The two main pitfalls of preparing for a disaster are configuration and disaster recovery tests. According to Bartoletti, both tasks tend to be underfunded. "If you want to protect your network in a disaster recovery site, the challenge is how to keep it current," Bartoletti said. Users come and go, equipment configurations change, and new equipment replaces older equipment. In a perfect world, all of those configuration changes would be backed up and available on DR equipment.
Testing will help you determine if your planning and preparation will pay off. Kirvan recommends testing at least annually.
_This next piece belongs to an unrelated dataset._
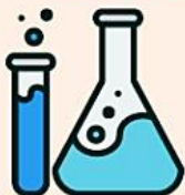
медицинские и жидкие отходы

He suggests that IT managers "conduct a system-level test in which one or more LAN devices, network access devices, or other elements are disconnected from the network." Remember, redundancy is your friend, and might save your job.
KEY ELEMENTS IN A LAN DISASTER RECOVERY PLAN
A local area network disaster recovery plan will most likely be a small portion of a larger organization-wide DR plan, but that shouldn't minimize its importance and the amount of time you put into it. "The key to DR planning is to make sure that you start from the top level, the application itself," Bartoletti said, "and look at the operating system it's running on, the hardware platforms it's running on, then the network connections that connect that to other servers, and then the other servers that it communicates with. And at each one of those points, you have to say to yourself: Here are the different types of failures that I want to protect and how much recovery time and data recovery point am I willing to accept." Successful disaster recovery planning is all about weighing the resources you have for recovery and the amount of downtime you're willing to accept.
Bartoletti recommends assessing each piece of equipment with a hot, warm, and cold rating. A hot rating means the only acceptable amount of downtime is nearly zero minutes, Bartoletti said. To keep downtime to an absolute minimum, you'll need an active duplicate environment running concurrently with the production equipment. If the production equipment fails, you can immediately fail over to the backup equipment. Configuration and application data is replicated to the backup equipment constantly and very little data would be lost in the event of a failover.
A warm rating means data is replicated on a set schedule, maybe every few hours or once a day. The equipment is always up and ready for a failover, but you may lose data entered between the last replication and the time of the failover.
A cold rating means you have the required equipment with the necessary software, but it needs to be installed, configured and the data loaded from backup media. A longer period of time will pass before your network is back up and running. The temperature of your LAN disaster recovery plan will depend on access to recovery equipment and data, and your budget.
You should also have detailed information about your equipment and software including contact information for all of your equipment manufacturers, distributors and service providers. Not only should you have their main phone numbers and email addresses, but emergency contact information in case your vendors are affected by the same disaster that's brought down your network. Other important information includes equipment model numbers, software versions, registration codes, and warranties. It will make fixing and replacing networking equipment much easier.
Do an IT active asset inventory; figure out different scenarios in which the asset would fail, determine the best course of action for each type of failure, keep the backup information as current as possible, and then test it. A solid LAN DR plan will help your organization get back online and back to work as fast as possible.